DATA IN THIS EXERCISE>
-------

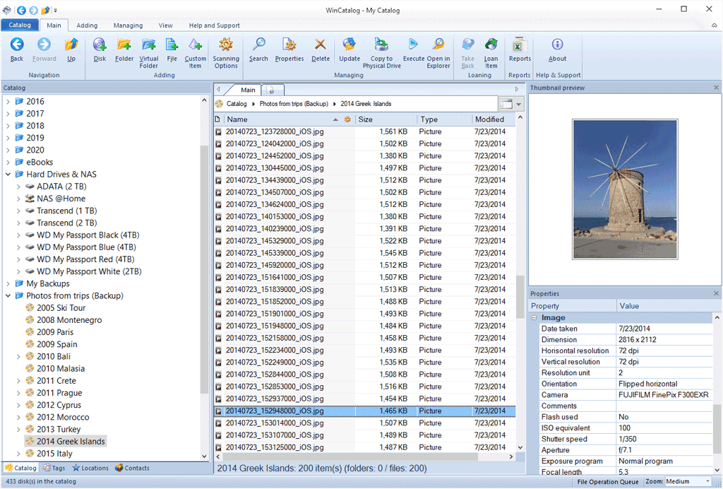 WinCatalog rende facile gestire grandi collezioni di file, come musica, filmati, immagini e documenti. Cerca qualsiasi file su qualsiasi dispositivo! Non importa se i file sono memorizzati su CD, DVD, schede di memoria, o hard disk, WinCatalog trova esattamente quello che si sta cercando in pochi secondi. La ricerca supporta i tag MP3, il contenuto degli archivi ZIP e altro ancora. Visualizza miniature di immagini, foto e file RAW.
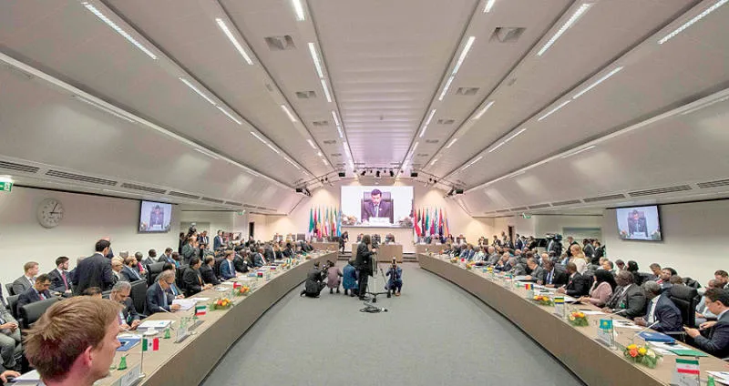جانب من اجتماع وزراء طاقة تحالف «أوبك+» في فيينا أمس (أ.ف.ب)
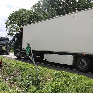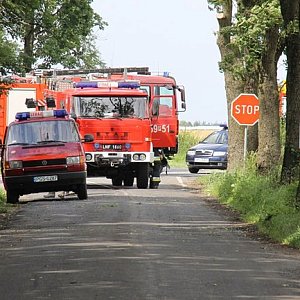 Zdarzenie miało miejsce ok. godz. 14:30 na skrzyżowaniu drogi krajowej nr 12 z drogą do Zalesia i Koszkowa. Z nieustalonych przyczyn ciężarówka zderzyła się z samochodem osobowym marki Ford Fiesta, prowadzonym przez starszego mężczyznę, który następnie wjechał do przydrożnego rowu.
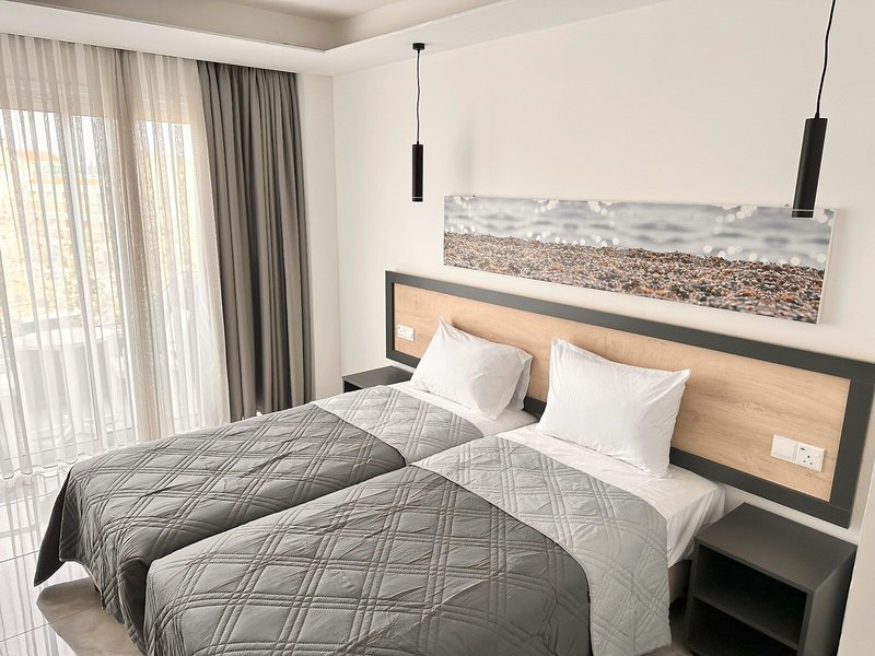 • Twin SV (DZM3), dvojlôžková izba, morská strana, strana bazéna, výhľad na more, celkový počet izieb v tomto type izby: 1, rozloženie: 1 spálňa, klimatizácia, trezor: zdarma, rýchlovarná kanvica, TV, izba servis, vaňa alebo sprcha, balkón
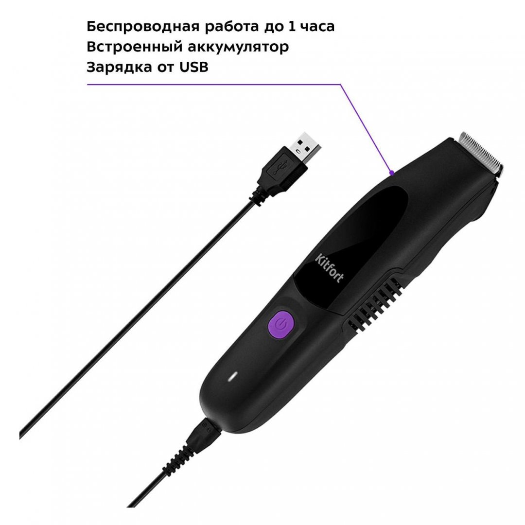 Триммер для бороды и усов Kitfort КТ-3143, с вакуумной системой можно использовать автономно в течение 60 мин. Для полного заряда батареи необходимо около 2 ч. Встроенный индикатор оповещает об активации и заряде. После каждого применения производитель рекомендует очищать ножи от волос с помощью щеточки. Для ухода за лезвиями в комплекте предусмотрено масло. Благодаря эргономичной форме устройство комфортно держать в руках.
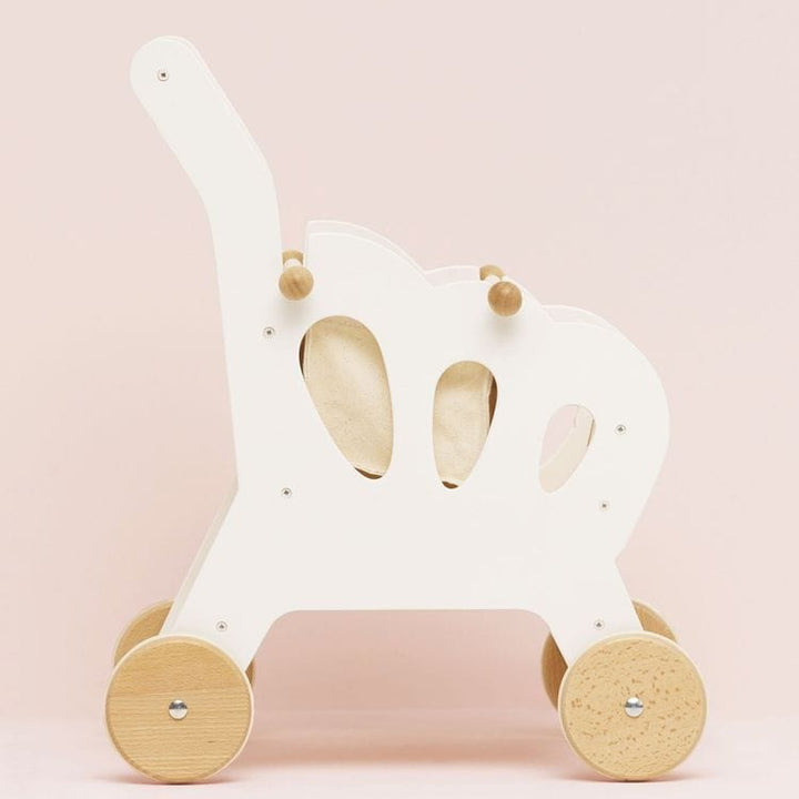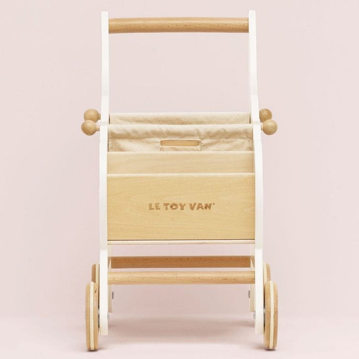 A stylish wooden shopping trolley with 2 internal compartments and a fabric storage level underneath. Special feature: a detachable high quality fabric shopping bag and a mini chalkboard. An addition to the Le Toy Van Honeybake role play collection. This shopping trolley is great fun and helps children developing thei
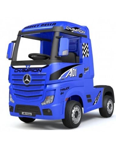 Elektrisk 4x12V Mercedes Actros lastbil til børn, udført i et design af blå og sort metal og kunststof. Elbilen passer til børn i alderen 3 – 6 år og måler 102 cm i højden og 126 x 68 cm i længde og bredde. Til bilen medfølger en fjernbetjening til voksne
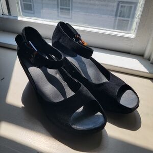 Johnston & Murphy, Black suede, platform, peep-toe wedge, 8 1/2 M
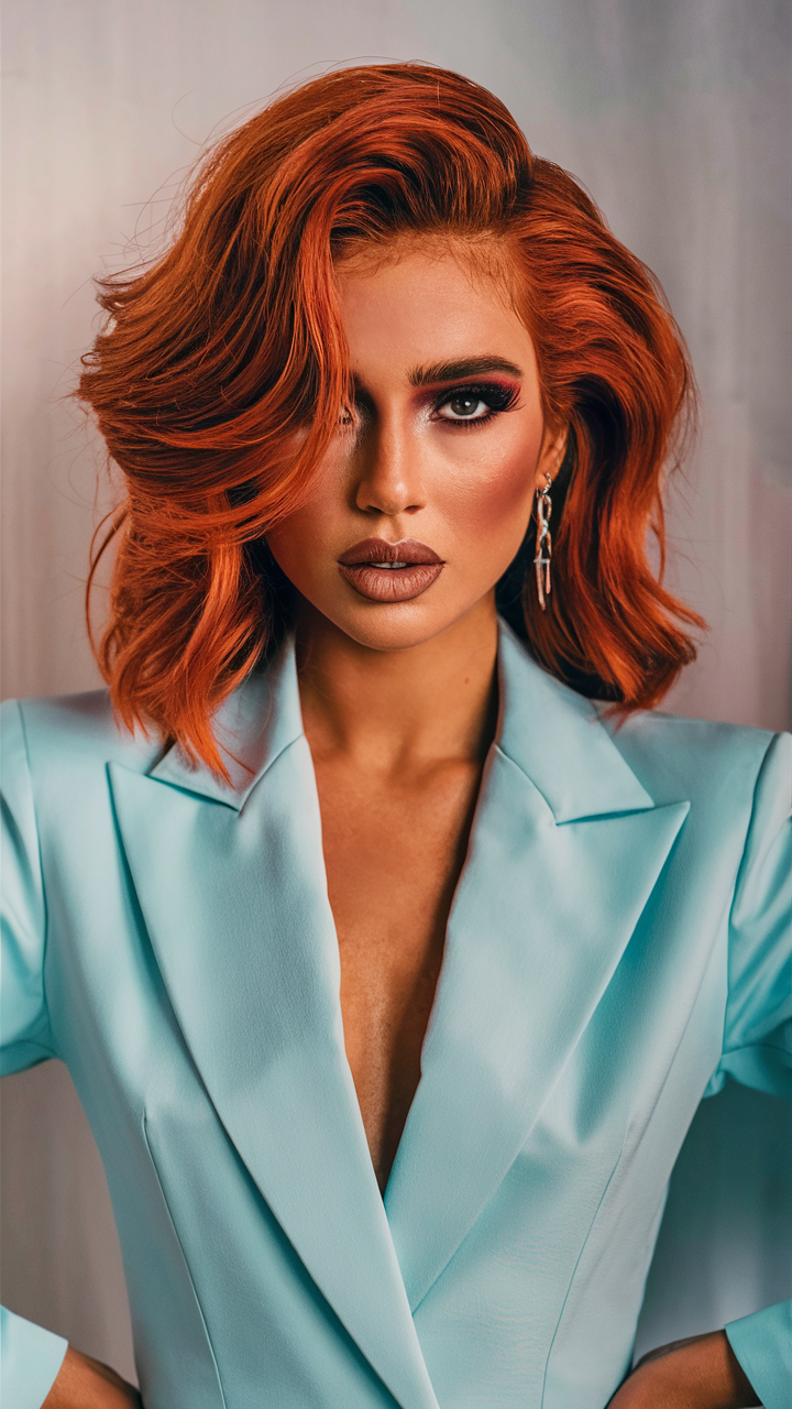 This side-swept bob features fiery Cowboy copper hair color 2025, making it a show-stopping choice for bold personalities. The voluminous waves create a striking silhouette, perfect for tan skin or a glamorous event. It’s a sophisticated look that radiates confidence.
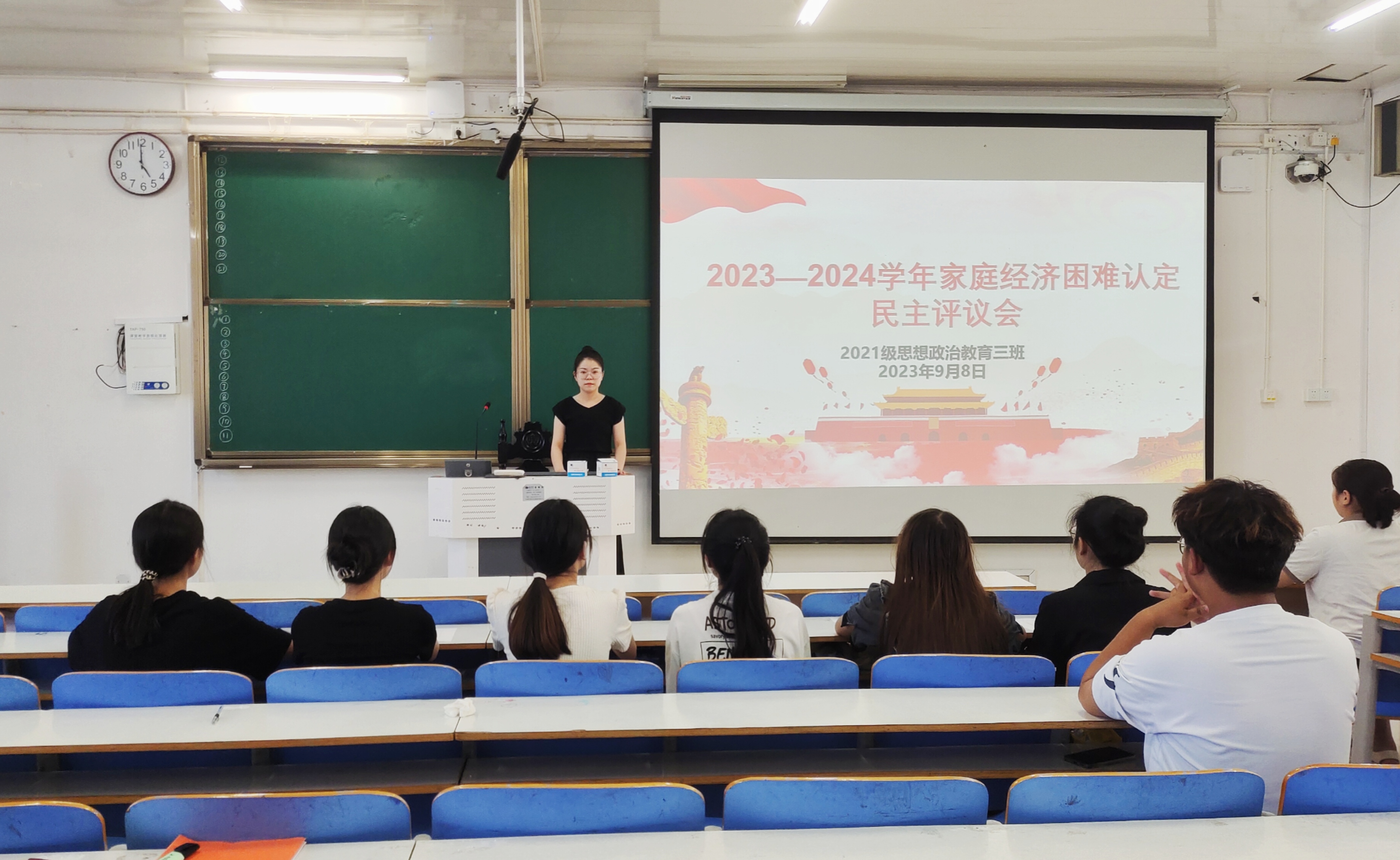9月8日下午,beat365在线唯一官网2021级思想政治教育三班在社科楼514教室召开2023—2024学年家庭经济困难认定民主评议会。高小佳老师、2021级思想政治教育三班贫困认定委员团全体成员以及权益保障部靳澍畅、宣传委员陈笑宇、组织委员秦梦莹参与此次会议。会议由辅导员高小佳主持。
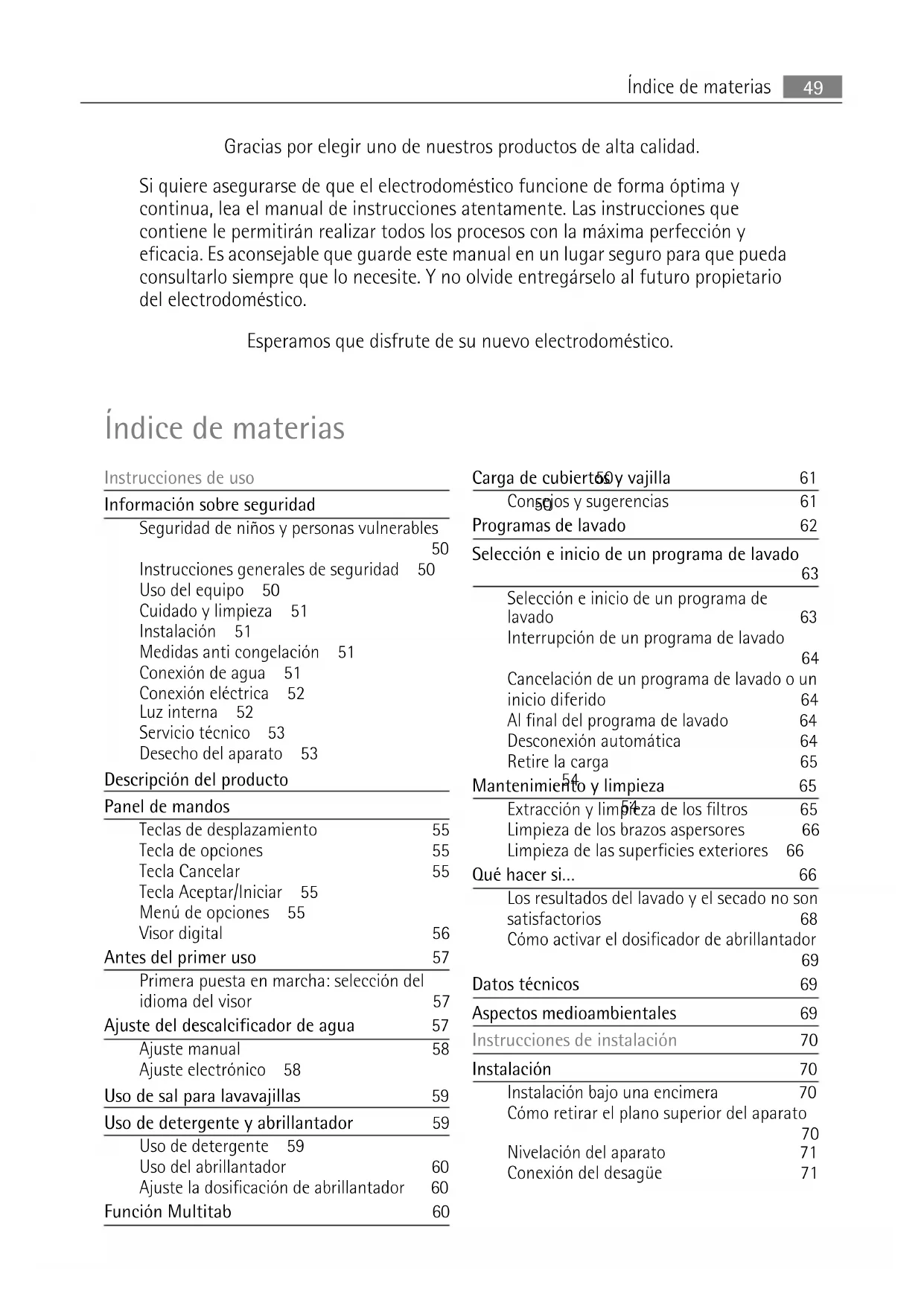 Instrucciones generales de seguridad 50 Uso del equipo 50 Cuidado y limpieza 51 Instalación 51 Medidas anti congelación 51 Conexión de agua 51 Conexión eléctrica 52 Luz interna 52 Servicio técnico 53 Desecho del aparato 53 Descripción del producto 54 Panel de mandos 54 Teclas de desplazamiento 55 Tecla de opciones 55 Tecla Cancelar 55 Tecla Aceptar/Iniciar 55 Menú de opciones 55 Visor digital 56 Antes del primer uso 57 Primera puesta en marcha: selección del idioma del visor 57 Ajuste del descalcificador de agua 57 Ajuste manual 58 Ajuste electrónico 58 Uso de sal para lavavajillas 59 Uso de detergente y abrillantador 59 Uso de detergente 59 Uso del abrillantador 60 Ajuste la dosificación de abrillantador 60 Función Multitab 60 Carga de cubiertos y vajilla 61 Consejos y sugerencias 61 Programas de lavado 62 Selección e inicio de un programa de lavado
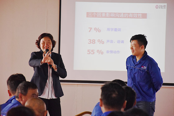 日常工作和生活离不开沟通,讲座还未正式开讲,一个小互动已悄悄发生——胡老师在台上讲,静静的观察台下员工的反应:有人在嬉笑、有人在玩手机、有人看着胡老师、有人在回应胡老师的话。胡老师借着学员们的不同反应,开始了今天的人际沟通讲座。
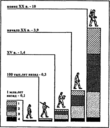 Расход энергии на одного человека (в ккал/сут.) в каменном веке был около 4 тыс., в аграрном обществе —12 тыс., в индустриальную эпоху — 70 тыс., а в передовых развитых странах конца XX в. — 230— 250 тыс., т. е. в 58—62 раза больше, чем у наших далеких предков.
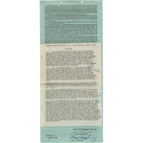 <B>Louis Armstrong Signed Movie Contract.</B></I> A single-page, double-sided Screen Actors Guild freelance contract dated June 2, 1947, engaging Satchmo to appear as himself in the musical comedy <I>That's Life</B></I> (released in 1948 as <I>A Song is Born</B></I>) for a sum of $2,500 per week for three weeks. The document is signed on the back by Armstrong in blue ink, and initialed twice by him on the attached rider. By the way, his original nickname was "Satchelmouth" -- a London music magazine mistakenly wrote "Satchmo" in 1932 and it stuck. In Fine condition with mild general wear and tear, fold creases, mild fading, staples along the right edge, and the usual binder and staple holes along the top edge.<I>Accompanied by LOA from PSA/DNA.</B></I><BR><BR><b>Shipping:</b> Small Flat (<a target="_blank" href="http://www.heritageauctions.com/common/shipping.php">view shipping information</a>)
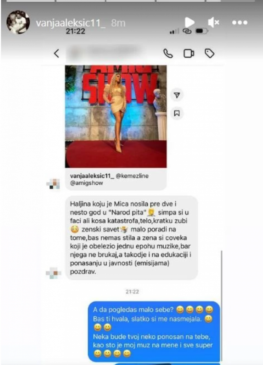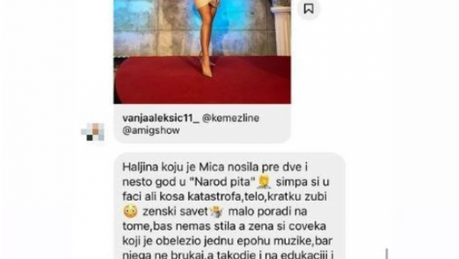 "Haljina koju je Mica (prim.aut. Milica Kemez) pre dve i nešto godine u "Narod pita". Simpa si u faci, ali kosa katastrofa, telo, kratki zubi... Ženski savet: malo poradi na tome. Baš nemaš stila, a žena si čoveka koji je obeležio jednu epohu muzike. Bar njega ne brukaj, a, takođe, i na edukaciji i ponašanju u javnosti (emisijama) (prim.aut. poradi). Pozdrav", napisala je jedna devojka Aleksićki u privatnoj poruci.
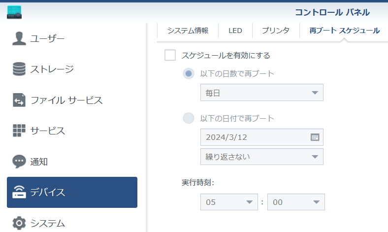 Synology,ASUS,tp-linkなどの海外メーカーのルータは割と再起動スケジュール機能がデフォだったりします。画像はSynologyのルータ「定期的な再起動が必要となるケースもある」と現実に即した設計なのがいいですね。 https://t.co/bhXKVX7syr
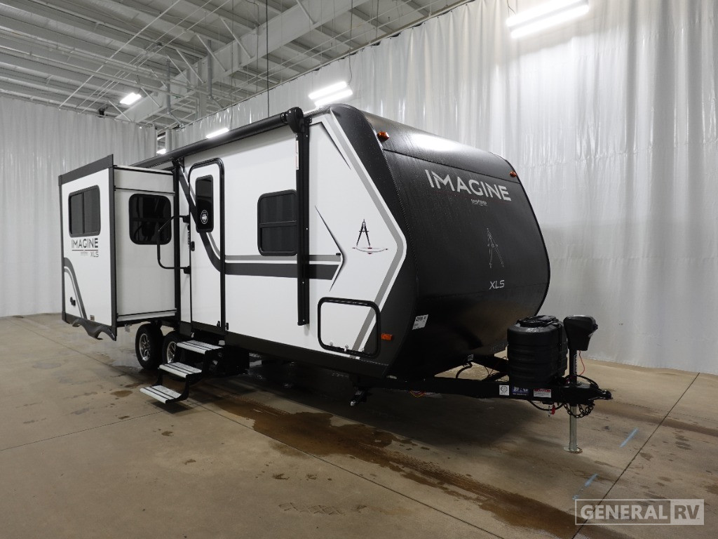 Let your imagination run wild with the possibilities that the Grand Design Imagine XLS travel trailer can provide! The Imagine XLS has been built with oversized tank capacities, an extra-large 2" fresh water drain valve, a ducted A/C system, a power tongue jack, and a heated and enclosed underbelly with suspended tanks. There is a designated heat duct to the subfloor and a residential ductless heating system throughout.For outdoor adventures, the electric awning with LED lights will enable you to stay protected, and the Tuff-Ply pass-thru flooring will withstand your many adventures. You will also love the XLS Solar Package that comes with a 180W roof mounted solar panel, a 40 Amp charge controller, a 12V 10 cu. ft. refrigerator, and roof mounted quick connect plugs!

-------

PROBLEM DETAILS> The reply should hold only the lines from the first line of the records above through the line containing "alebo sprcha, balkón", copied exactly and without pictures.

SOLUTION FOR THIS TASK>
 WinCatalog rende facile gestire grandi collezioni di file, come musica, filmati, immagini e documenti. Cerca qualsiasi file su qualsiasi dispositivo! Non importa se i file sono memorizzati su CD, DVD, schede di memoria, o hard disk, WinCatalog trova esattamente quello che si sta cercando in pochi secondi. La ricerca supporta i tag MP3, il contenuto degli archivi ZIP e altro ancora. Visualizza miniature di immagini, foto e file RAW.
جانب من اجتماع وزراء طاقة تحالف «أوبك+» في فيينا أمس (أ.ف.ب)
 Zdarzenie miało miejsce ok. godz. 14:30 na skrzyżowaniu drogi krajowej nr 12 z drogą do Zalesia i Koszkowa. Z nieustalonych przyczyn ciężarówka zderzyła się z samochodem osobowym marki Ford Fiesta, prowadzonym przez starszego mężczyznę, który następnie wjechał do przydrożnego rowu.
 • Twin SV (DZM3), dvojlôžková izba, morská strana, strana bazéna, výhľad na more, celkový počet izieb v tomto type izby: 1, rozloženie: 1 spálňa, klimatizácia, trezor: zdarma, rýchlovarná kanvica, TV, izba servis, vaňa alebo sprcha, balkón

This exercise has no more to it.